Task item:
Where a line holds the word "were", count it, then give only the total for the entries below.
========
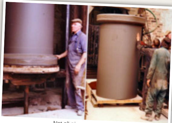
Not all pipes were small!!

During the life of the business the company had three locomotive steam engines, named 'Thomas Wragg' to take the finished goods along the sidings to the Swadlincote loop railway line. They were kept in a shed just below where you are.
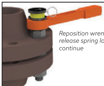
Reposition wrench on nut and release spring loaded plate to continue
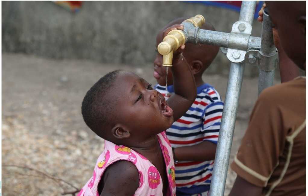
Child takes a drink from the water point, which provides safe drinking water for families at Samora Machel accommodation site.

IOM assisted with various shelter and essential household items in coordination with Shelter Cluster partners (17,054 HHs)
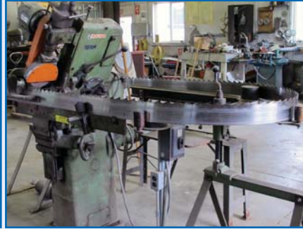
VOLMER CANA73 BANDSAW BLADE SHARPENER
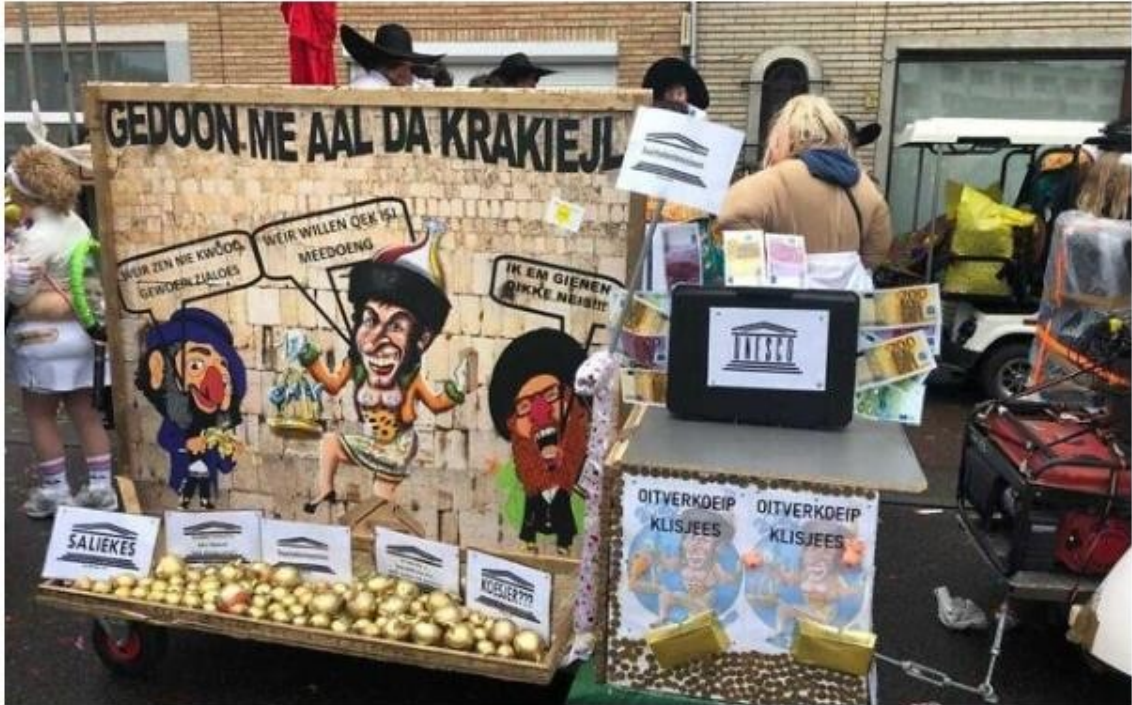
A display at the annual Aalst carnival in Belgium, February 23, 2020.

Last year, JTA reported that the Aalst carnival included effigies of grinning Orthodox Jews holding bags of money, with a rat perched on one effigy’s shoulders.
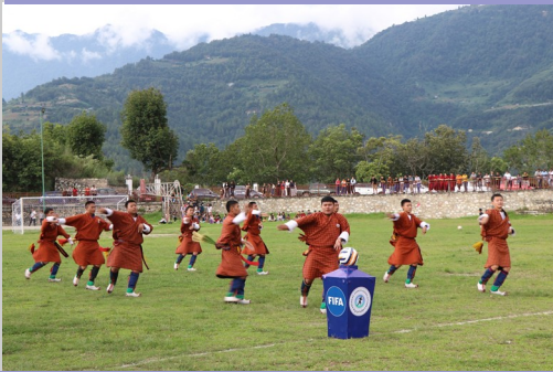
Entry of team with National Flag
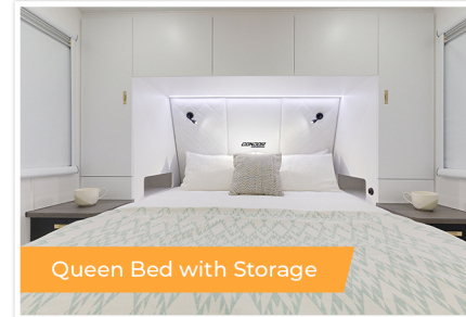
Queen Bed with Storage
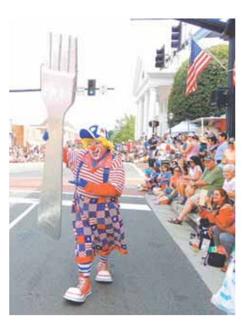
Could this clown be looking for food?
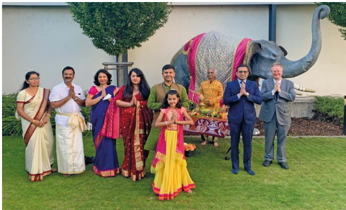
Puja ceremony before the exhibition opening
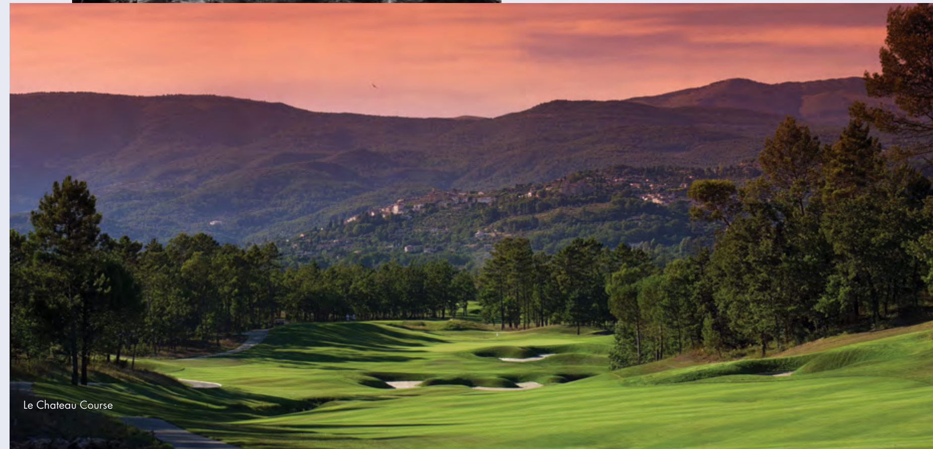
Le Chateau Course
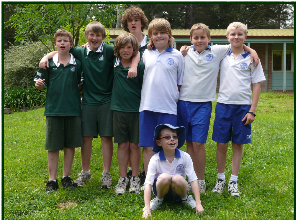
Photo (above) Students from St Philomena's (Bathurst) and from Telarah PS met at Katoomba North Public School to play the Inter-regional Country quarter-final.
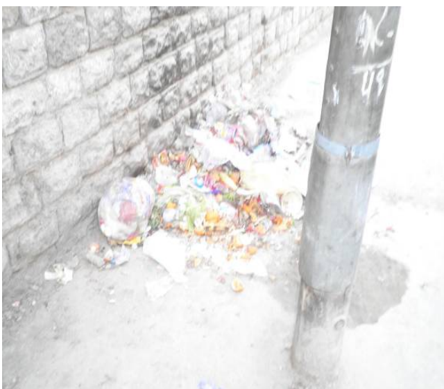
Fig. 2. Open dumps of MSW on streets
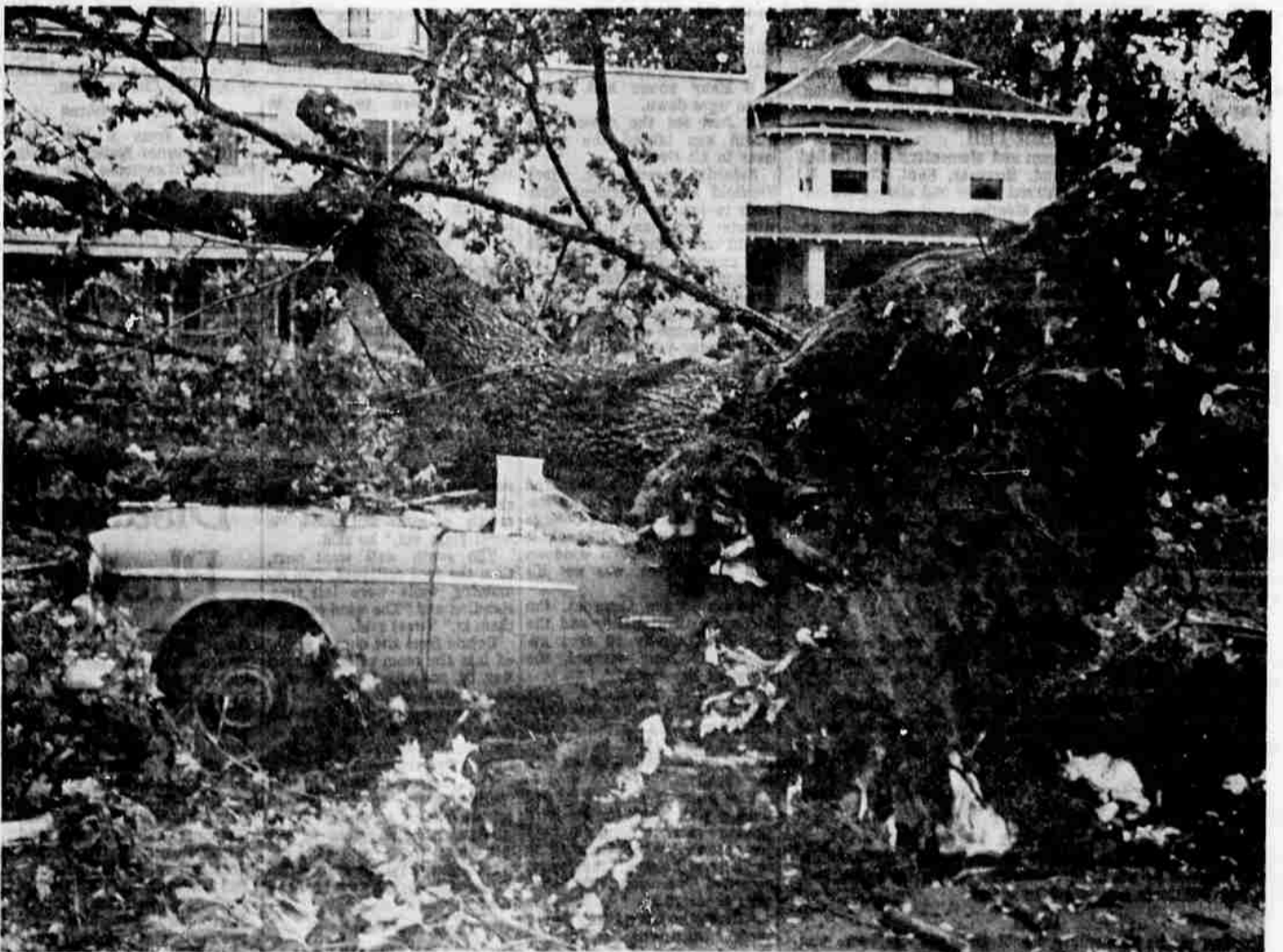
Much of the tree toppling which came yesterday wouldn't have happened in August. As shown above, tree roots surrendered when the winds came — the rains of the past week had made the soil loose and soggy and the roots couldn't hold.
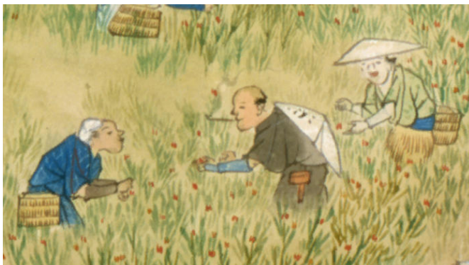
Petal's plucking with a pipe

At the scene of ④ of “Flowers (Petals) Plucking”, ten of men and women are working in the field. A man at the center is smoking a pipe in his mouth, and smiling peacefully. A woman at the right beside of him is working as he does. “Plucking” is the work that must be free from flowers thistles in a dew time of early morning. Actually, farmers do not smoke during the work, so the picture shows something left. But “a woman peddler” would often come to the field to sell some sweets and a fire for smoking. Perhaps, some men had smoking even during the work.
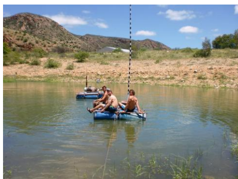
Figure 5: WUR Students using a raft to install measure gauges

The monitoring plot has been installed and finalised in 2010. The different equipment (Gerlaugh troughs, pillars for the erosion bridge, Tipping Buckets, weather station and moisture probes) are measuring bio-physical processes in the area. Over a transect of approximately 50 km several measure gauges have been installed to measure surface water. This gives an idea about the hydrological relations the surrounding and the groundwater levels.
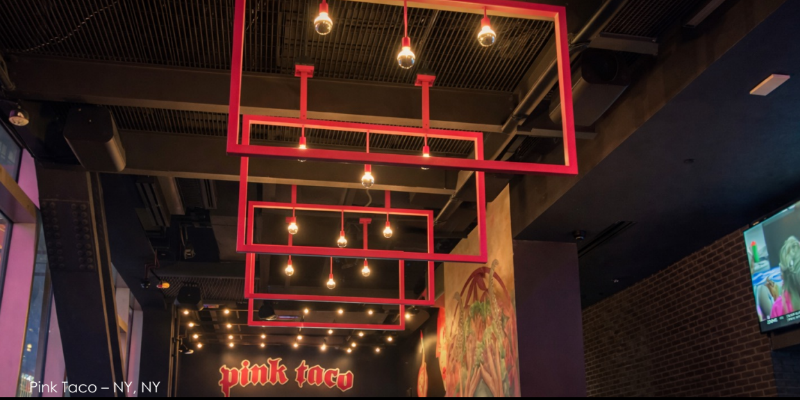
Pink Taco – NY, NY
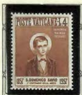
St. Dominic Savio
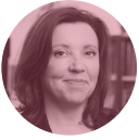
Rachel de Souza Children's Commissioner for England

It is astonishing how one year can change the way we view family. My recent Family Review , which examined family life across the UK, shone an exciting new spotlight about what family means in the 21 st century, how the events of the pandemic have shifted the way that children interact with the people and world around them, and how we care for the young in our society.
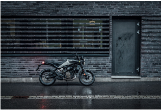
Svartpilen 125 2024 (3)
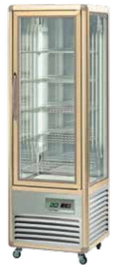
CONTINENTAL 350Q Wire shelves
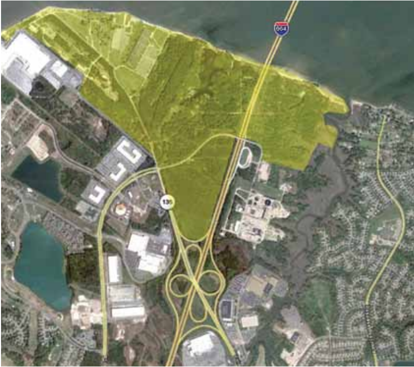
A current aerial photo illustrating the site's proximity to Hampton Roads and excellent access from I-664.

At the request of the city and the TCCREF, the Urban Land Institute was asked to provide recommendations on the economic development and redevelopment opportunities for the site. The scope of the panel's work centered on the following areas of inquiry:
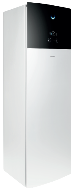
Image of 180 litre and 230 litre version

The MMI was especially designed to be very intuitive. The high contrasted colour screen delivers stunning and practical visuals that really help you as installer or service engineer.
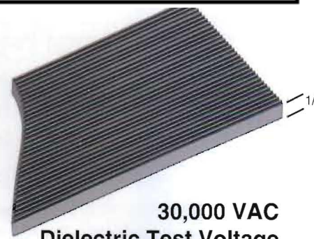
30,000 VAC Dielectric Test Voltage

CWF Flooring, Inc. www.CartwheelFactory.Com
========
Answer to this task:
2